Генрих крикнул поворачивать на Римергассе.

Здесь запах конского пота мешался с ароматами открывающихся кофеен и цветочных магазинов. Поравнявшись с лавкой, заставленной букетами, корзинам и горшками столь густо, что за ними не просматривались даже полки, Генрих на ходу выскочил из экипажа и юркнул в плотный сумрак.

Дородная цветочница испуганно привстала из-за прилавка. Генрих бросил ей гульден и подхватил первый попавшийся букет астр.

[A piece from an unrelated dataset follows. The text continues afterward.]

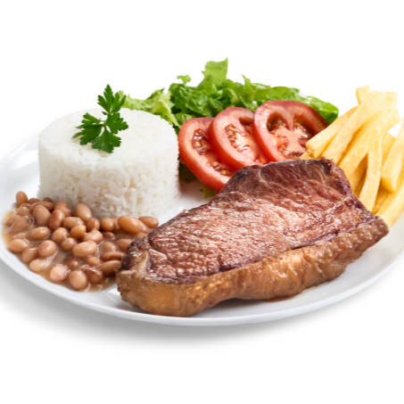 Arroz, feijão, batatas fritas, macarrão, ovo e salada

— Мое почтение, фрау! — приподняв котелок, он одарил цветочницу дежурной улыбкой и выскользнул с противоположной стороны.

И встретился лицом к лицу с собственным портретом — отпечатанным на холсте, с гербом и вензелем самого кайзера. И строками из гимна: Даруй любовь и благословение, пусть твой божественный свет озаряет империю!

— Нянюшка! Смотрите!

Малышка в нарядном капоре дернула за рукав чопорную фрау. Глаза — две синие пуговки, — блеснули удивлением и восторгом.

Сколько пройдет времени, прежде чем эти глаза подернутся смертной пеленой? Может, отпущенные семь лет. А может, семь месяцев, пока вспыхивающие на окраинах и в рабочих кварталах очаги чахотки не поразят самое сердце Авьена.

— Это вам, прелестная фройлен, — Генрих галантно передал букет девочке, стараясь не коснуться ее руки, и, натянув котелок на уши, свистнул экипаж.

Хотелось верить, что шпик проследовал за пустой каретой, а значит, у Генриха появилось немного времени, чтобы побывать на Бундесштрассе.

Она придет туда, в этом Генрих ни капли не сомневался. Как мотыльков манили зажженные фонари, так баронессу влекла надежда.

Остановив экипаж на противоположной стороне улицы, но так, чтобы просматривалось крыльцо полицейского участка, Генрих принялся ждать. Зуд испытывал нервы на прочность, проклятые молотки забивали невидимые гвозди в его затылок — тук! Тук! Стучали копыта по брусчатке, дробно постукивали каблуки прогуливающихся дам — над их головами покачивались ажурные соцветия зонтов, — и где-то в отдалении струилось двухтемное рондо.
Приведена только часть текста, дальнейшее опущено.